§ AVAILABLE DATA

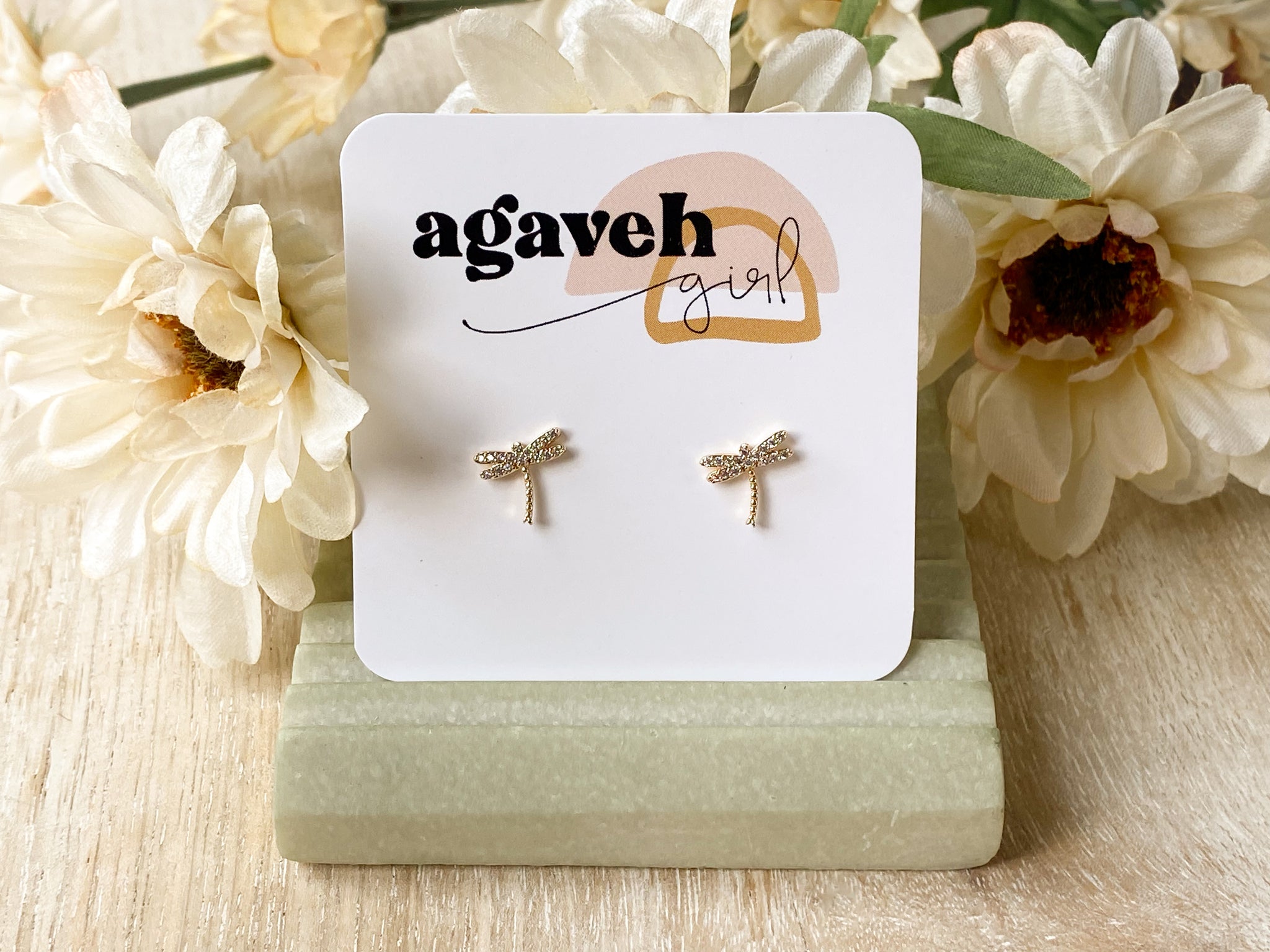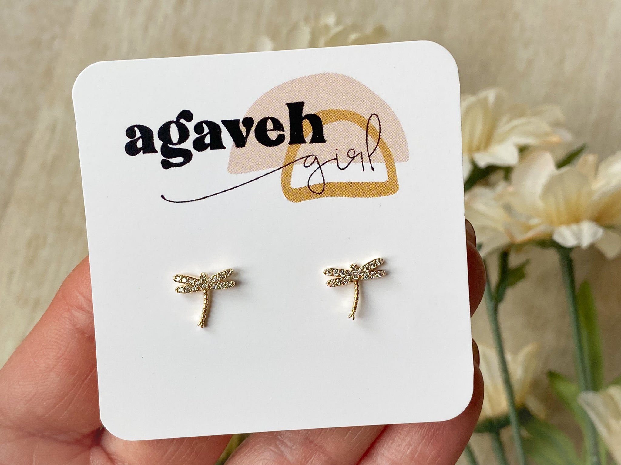 A unique dragonfly stud that has tiny cubic zirconia stones along its body and wings. These studs are 14K Gold plated and nickel free.
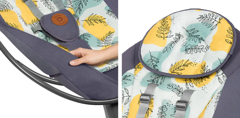 Bujaczek-leżaczek Lionelo Ralf ma blokadę, dzięki której łatwo przekształcisz go z huśtawki w leżaczek. Dziecko może w nim przebywać w pozycji leżącej, lub półleżącej, ponieważ produkt ma możliwość dwustopniowej regulacji pochylenia oparcia.
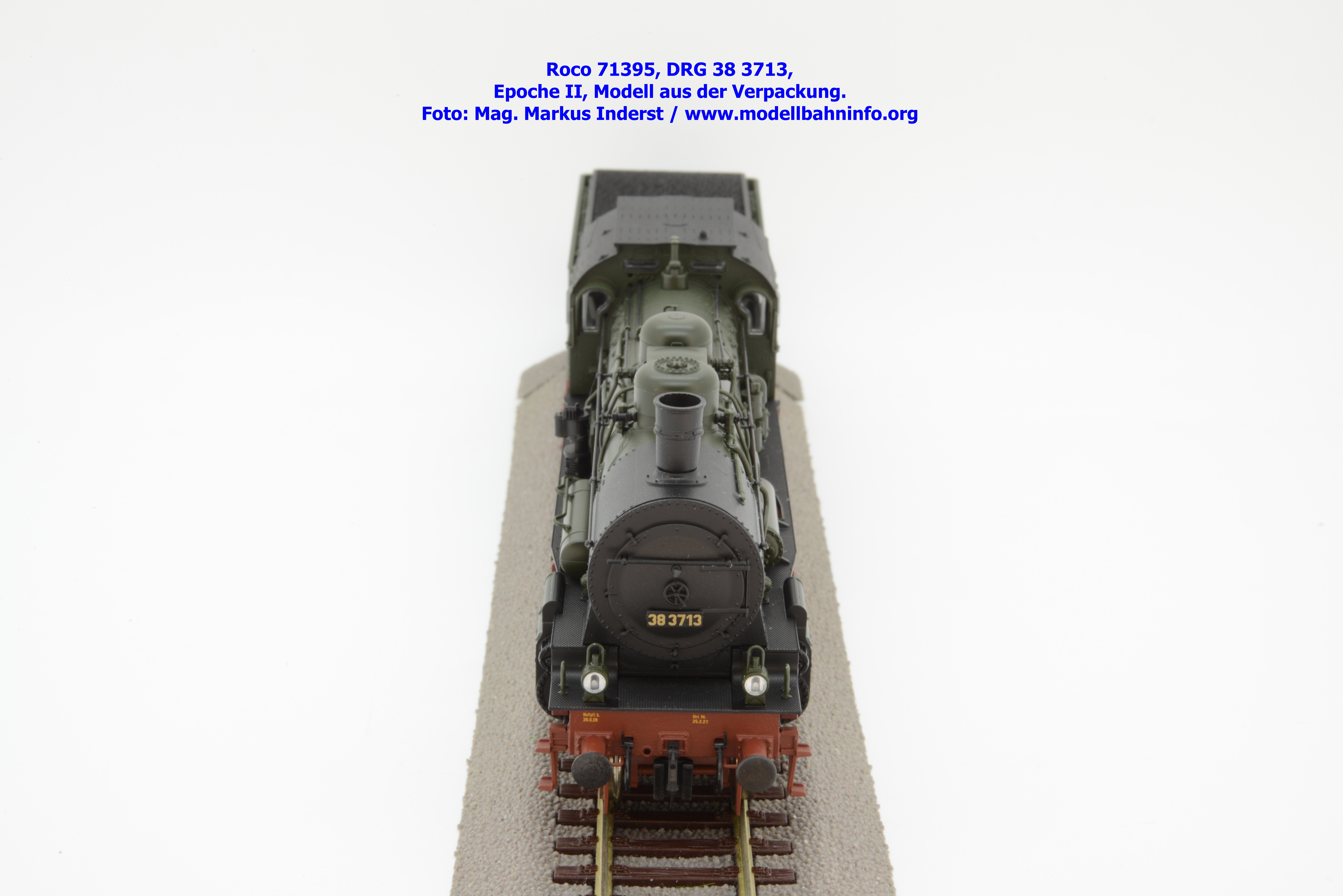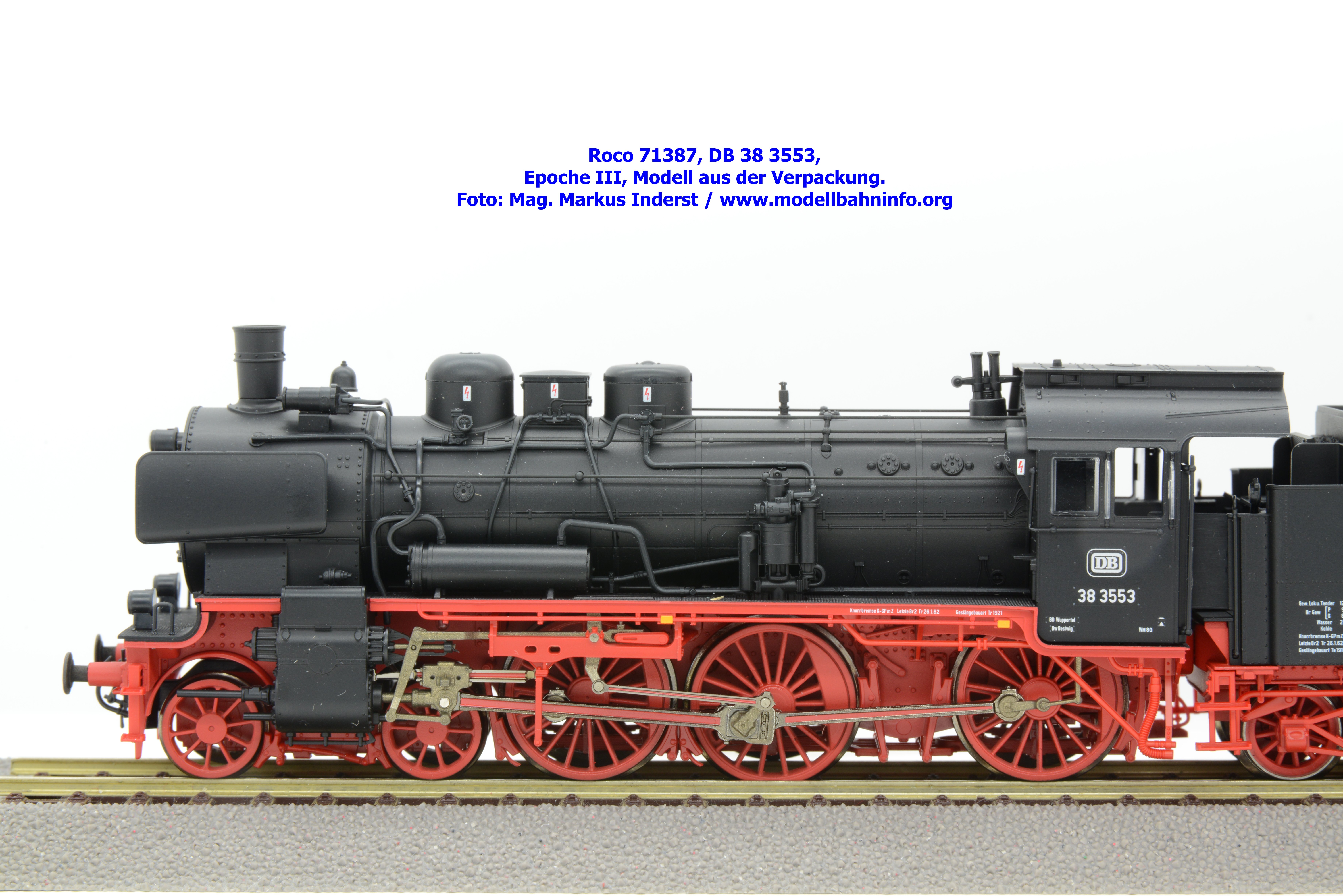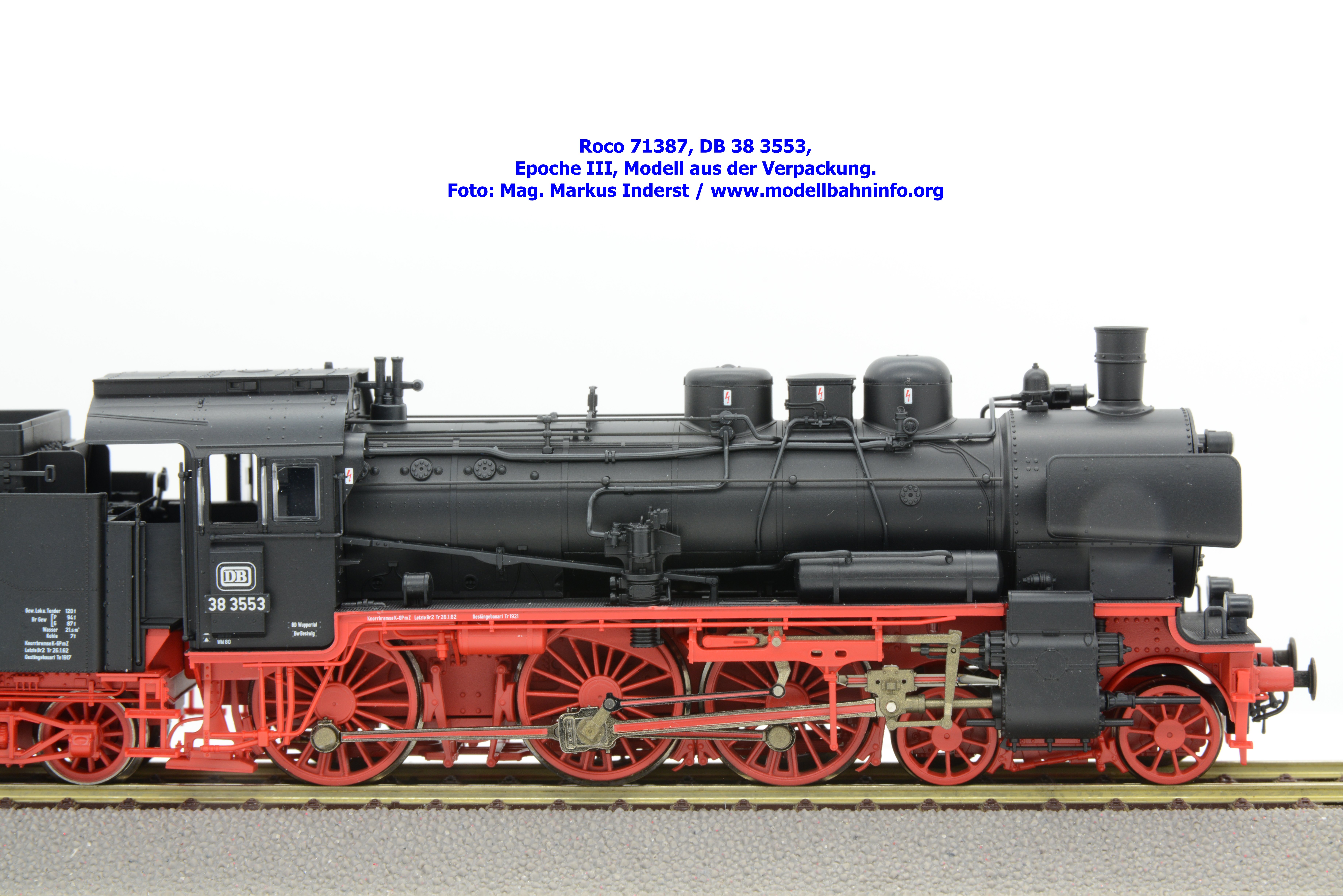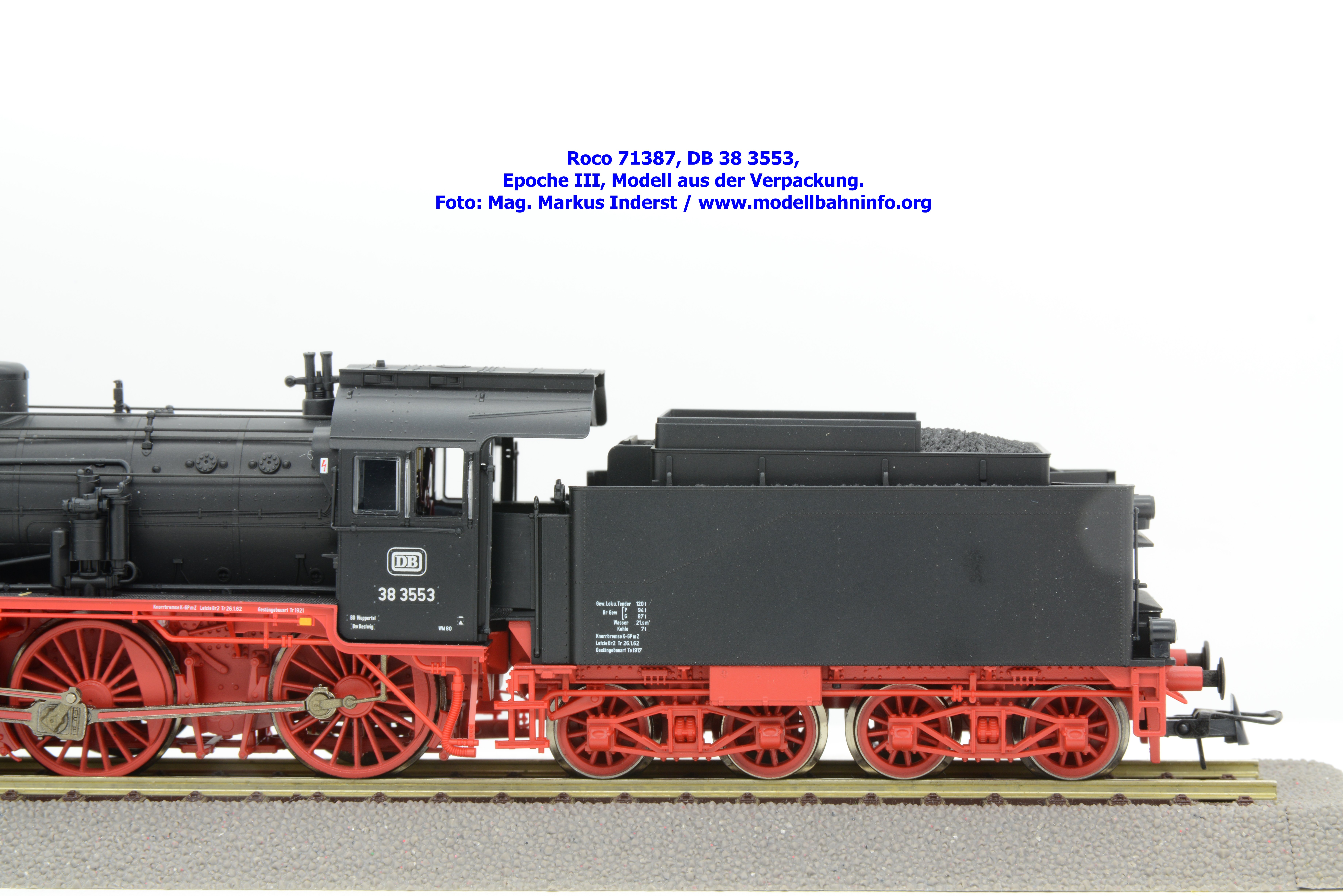 Dampflokomotiven sind von der Farbgebung sehr einfach zu realisieren, sofern es sich nicht um Farblackierungen der Länderbahnzeit handelt. Das Modell ist in den Farbtönen Schwarz bzw. Rot gehalten und seidenmatt lackiert. Die Beschriftung ist lupenrein aufgetragen und besteht neben den Anschriften am Führerhaus auch verschiedene Anschriften am Lokkessel, an der Rauchkammertüre sowie auf der Tenderrückwand. Roco hat bei der DR-Lokomotive die Loknummer 38 2471-1 angeschrieben. Die Maschine ist beim Bw Roßlau in der Rbd Magdeburg stationiert. Die letzten Revisionsdaten sind mit den Angaben Letzte Br Unt Mei 12.10.70 vermerkt. Auf der Pufferbrust steht hingegen die Angabe „H Unt Mei 14.10.66“. Die Anschriften sind sauber, trennscharf und mehrfarbig aufgetragen. Zudem besteht die Möglichkeit, die beiliegenden und lackierten Schildersätze am Modell anzubringen.

§ WORK ITEM
When you repeat the material above, keep every word exact and leave out the pictures.

§ ANSWER BOX
 A unique dragonfly stud that has tiny cubic zirconia stones along its body and wings. These studs are 14K Gold plated and nickel free.
 Bujaczek-leżaczek Lionelo Ralf ma blokadę, dzięki której łatwo przekształcisz go z huśtawki w leżaczek. Dziecko może w nim przebywać w pozycji leżącej, lub półleżącej, ponieważ produkt ma możliwość dwustopniowej regulacji pochylenia oparcia.
 Dampflokomotiven sind von der Farbgebung sehr einfach zu realisieren, sofern es sich nicht um Farblackierungen der Länderbahnzeit handelt. Das Modell ist in den Farbtönen Schwarz bzw. Rot gehalten und seidenmatt lackiert. Die Beschriftung ist lupenrein aufgetragen und besteht neben den Anschriften am Führerhaus auch verschiedene Anschriften am Lokkessel, an der Rauchkammertüre sowie auf der Tenderrückwand. Roco hat bei der DR-Lokomotive die Loknummer 38 2471-1 angeschrieben. Die Maschine ist beim Bw Roßlau in der Rbd Magdeburg stationiert. Die letzten Revisionsdaten sind mit den Angaben Letzte Br Unt Mei 12.10.70 vermerkt. Auf der Pufferbrust steht hingegen die Angabe „H Unt Mei 14.10.66“. Die Anschriften sind sauber, trennscharf und mehrfarbig aufgetragen. Zudem besteht die Möglichkeit, die beiliegenden und lackierten Schildersätze am Modell anzubringen.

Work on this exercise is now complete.